Given material:
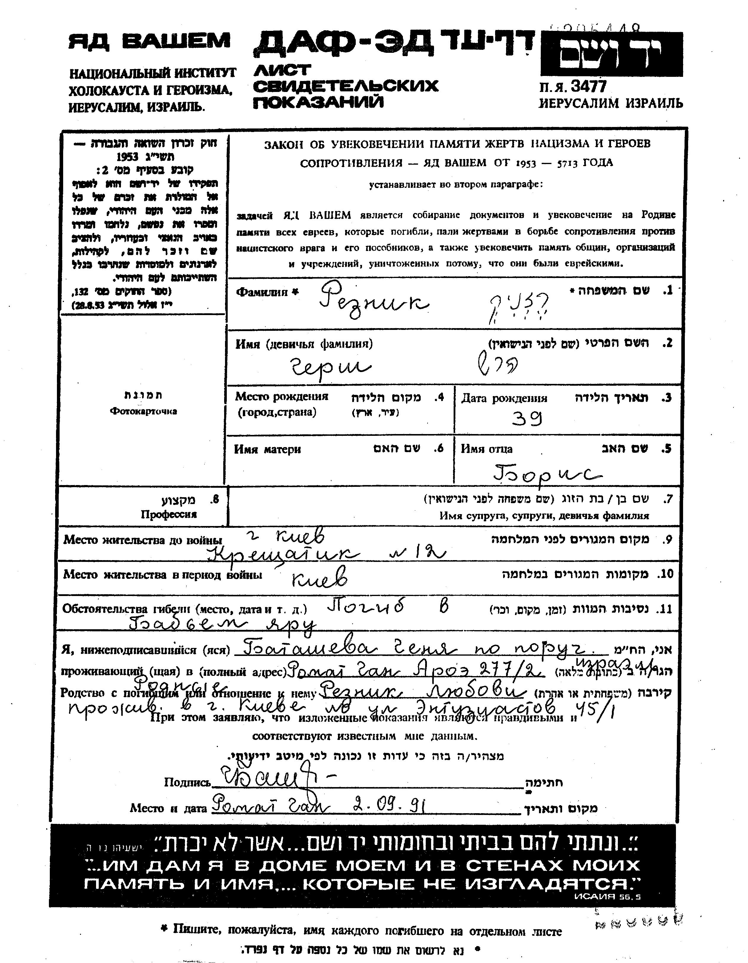 Поиск подателя Листа свидетельских показаний. Поиск по любому имени, включая уменьшительное или прозвище
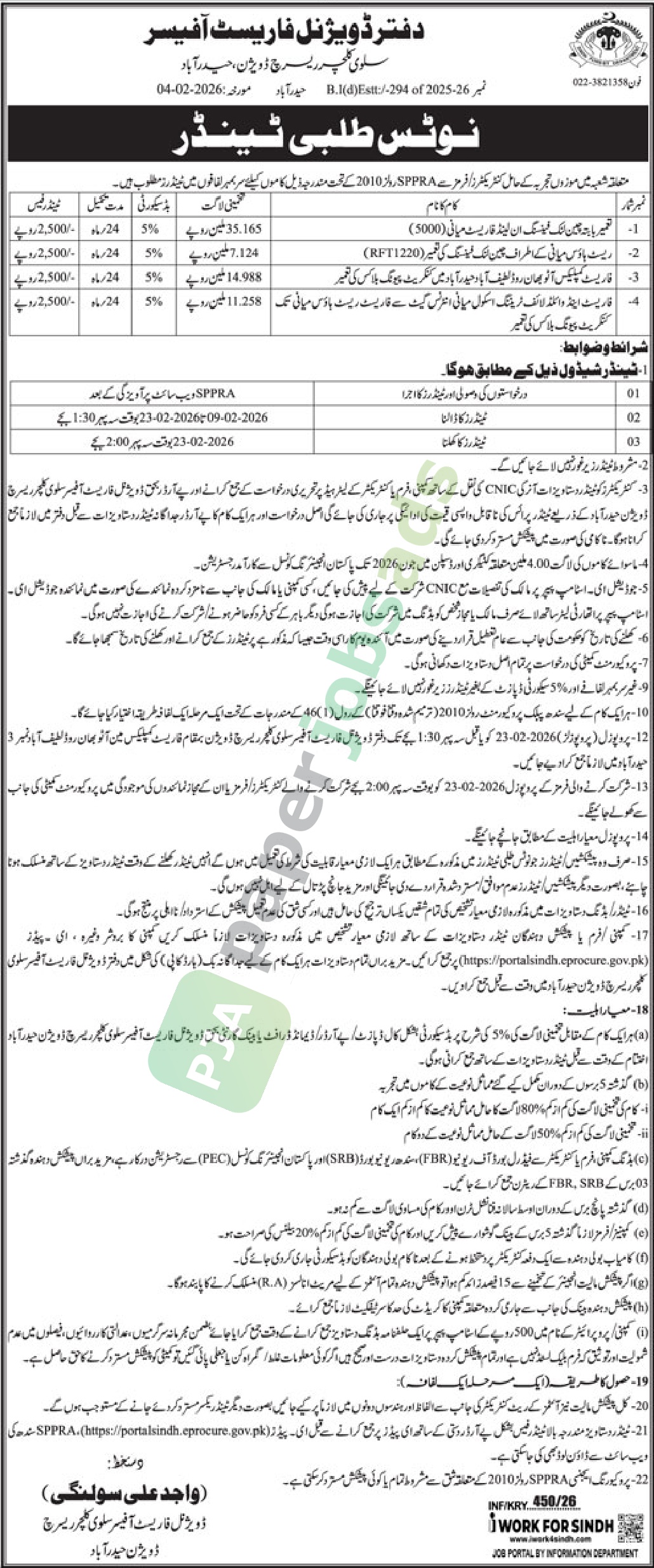 (https://portalsindh.eprocure.gov.pk) پر جمع کرائیں۔ مزید براں تمام دستاویزات ہر ایک کام کے لیے جدا گانہ بک (ہارڈ کاپی ) کی شکل میں دفتر ڈویژنل فاریسٹ آفیسر سلوی
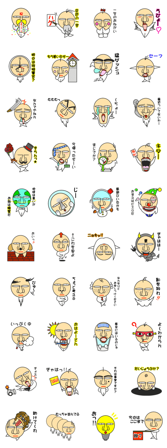 ちょっとした失笑や笑いを期待したい時に使いたいスタンプ第2弾。可愛くもなく、キモすぎるわけでもない。そんな中途半端なおじさんギャグスタンプ。いらないスタンプです
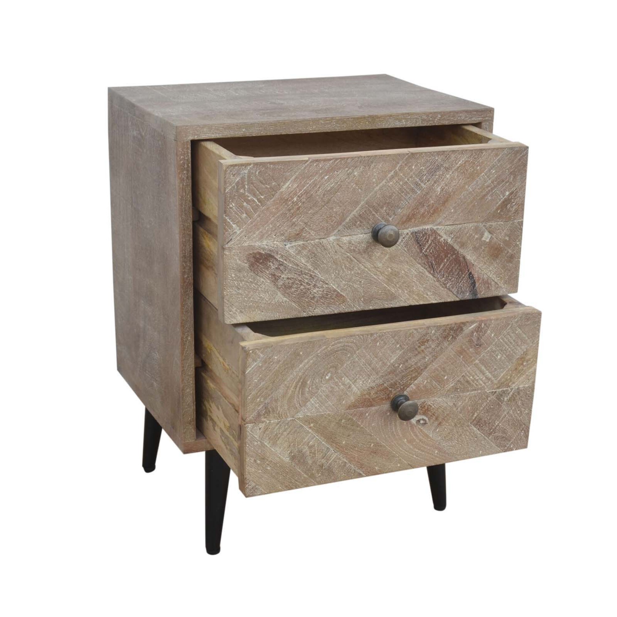 La mesa de luz ARETINA destaca por su encanto natural y su diseño sólido. Fabricada en madera maciza de mango y hierro, fusiona el estilo industrial con detalles románticos que aportan calidez. Su diseño cruzado en el frente y el tono natural de la madera realzan su estética artesanal. Equipada con dos prácticos cajones y una capacidad de carga de hasta 20 kg, es perfecta para guardar objetos personales y mantener tu dormitorio organizado sin perder estilo.

Your instructions: The data needs to be reproduced exactly, please, apart from its pictures.

Written answer:
 Поиск подателя Листа свидетельских показаний. Поиск по любому имени, включая уменьшительное или прозвище
 (https://portalsindh.eprocure.gov.pk) پر جمع کرائیں۔ مزید براں تمام دستاویزات ہر ایک کام کے لیے جدا گانہ بک (ہارڈ کاپی ) کی شکل میں دفتر ڈویژنل فاریسٹ آفیسر سلوی
 ちょっとした失笑や笑いを期待したい時に使いたいスタンプ第2弾。可愛くもなく、キモすぎるわけでもない。そんな中途半端なおじさんギャグスタンプ。いらないスタンプです
 La mesa de luz ARETINA destaca por su encanto natural y su diseño sólido. Fabricada en madera maciza de mango y hierro, fusiona el estilo industrial con detalles románticos que aportan calidez. Su diseño cruzado en el frente y el tono natural de la madera realzan su estética artesanal. Equipada con dos prácticos cajones y una capacidad de carga de hasta 20 kg, es perfecta para guardar objetos personales y mantener tu dormitorio organizado sin perder estilo.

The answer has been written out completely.